Problem statement:
Instruction for the entries below: return the part that opens with the line containing "Fly nummer UKL4050" and closes with the line containing "The bacterial growth", exactly, and no pictures.

Extracted entries:
>>
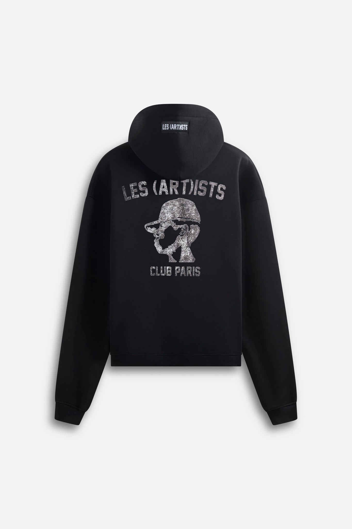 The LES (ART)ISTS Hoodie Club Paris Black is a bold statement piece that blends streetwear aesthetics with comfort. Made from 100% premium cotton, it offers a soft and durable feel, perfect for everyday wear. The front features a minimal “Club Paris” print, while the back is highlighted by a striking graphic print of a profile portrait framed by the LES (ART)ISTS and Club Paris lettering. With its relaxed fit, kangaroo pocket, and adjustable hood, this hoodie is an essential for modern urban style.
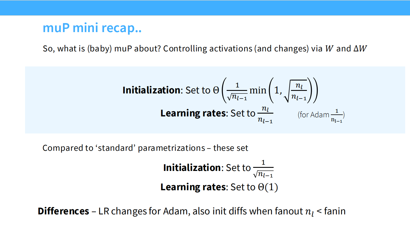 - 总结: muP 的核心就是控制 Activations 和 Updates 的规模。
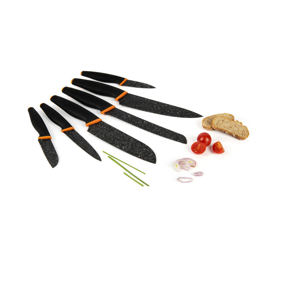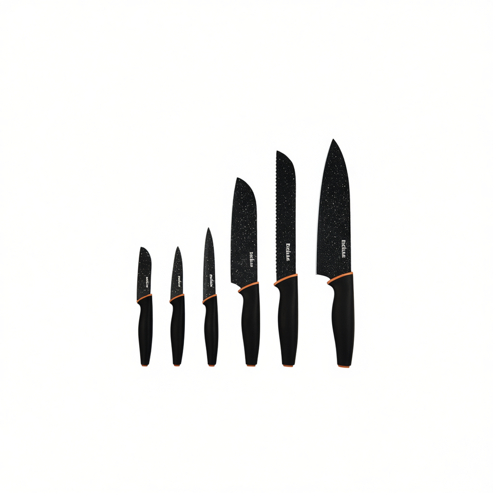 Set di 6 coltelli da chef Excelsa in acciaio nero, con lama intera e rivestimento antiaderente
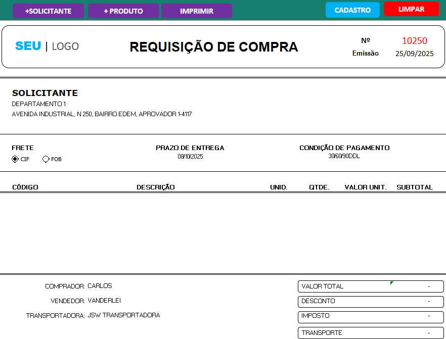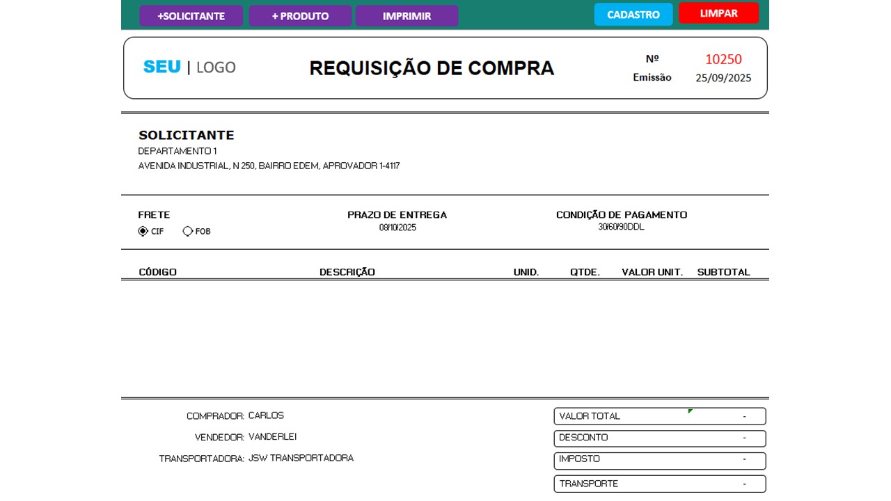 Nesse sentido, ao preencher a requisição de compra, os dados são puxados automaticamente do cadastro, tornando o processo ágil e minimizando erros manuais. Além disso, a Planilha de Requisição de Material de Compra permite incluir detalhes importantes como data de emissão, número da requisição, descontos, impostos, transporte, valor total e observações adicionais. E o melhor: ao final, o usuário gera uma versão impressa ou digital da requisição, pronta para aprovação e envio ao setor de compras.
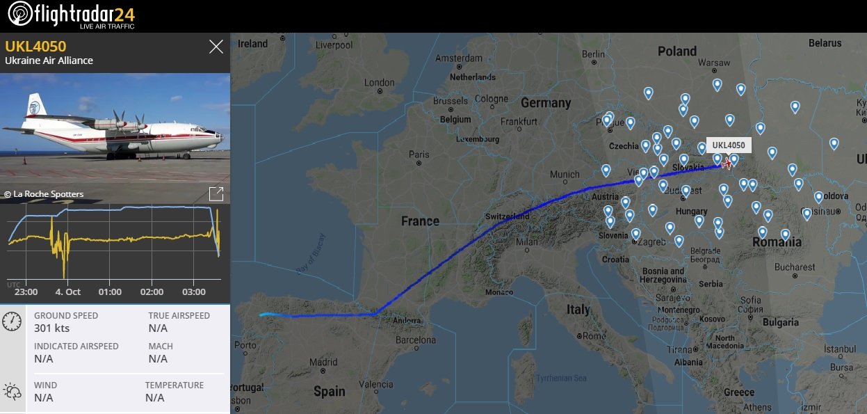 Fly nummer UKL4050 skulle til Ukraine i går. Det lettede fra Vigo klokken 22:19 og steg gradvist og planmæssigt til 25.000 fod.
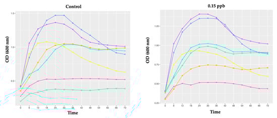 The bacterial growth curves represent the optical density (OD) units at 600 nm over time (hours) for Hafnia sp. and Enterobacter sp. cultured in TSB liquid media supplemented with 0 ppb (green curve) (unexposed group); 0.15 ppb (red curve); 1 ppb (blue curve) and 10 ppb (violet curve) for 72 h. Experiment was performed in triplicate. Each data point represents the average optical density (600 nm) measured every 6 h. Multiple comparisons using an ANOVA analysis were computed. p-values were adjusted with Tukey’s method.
<<
>>
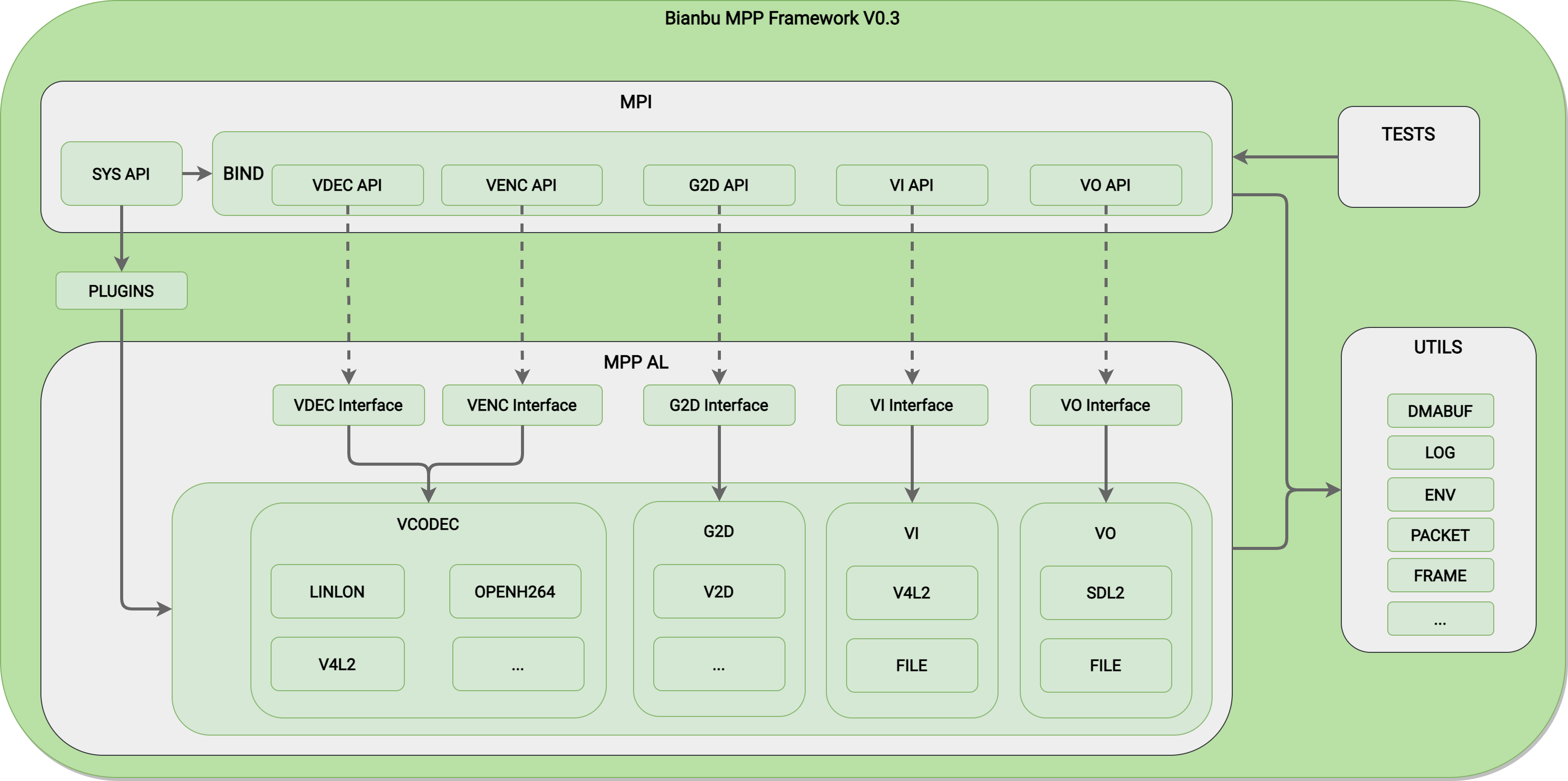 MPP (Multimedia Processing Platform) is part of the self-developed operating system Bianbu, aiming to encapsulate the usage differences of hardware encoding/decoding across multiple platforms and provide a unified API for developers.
<<
Written solution:
 Fly nummer UKL4050 skulle til Ukraine i går. Det lettede fra Vigo klokken 22:19 og steg gradvist og planmæssigt til 25.000 fod.
 The bacterial growth curves represent the optical density (OD) units at 600 nm over time (hours) for Hafnia sp. and Enterobacter sp. cultured in TSB liquid media supplemented with 0 ppb (green curve) (unexposed group); 0.15 ppb (red curve); 1 ppb (blue curve) and 10 ppb (violet curve) for 72 h. Experiment was performed in triplicate. Each data point represents the average optical density (600 nm) measured every 6 h. Multiple comparisons using an ANOVA analysis were computed. p-values were adjusted with Tukey’s method.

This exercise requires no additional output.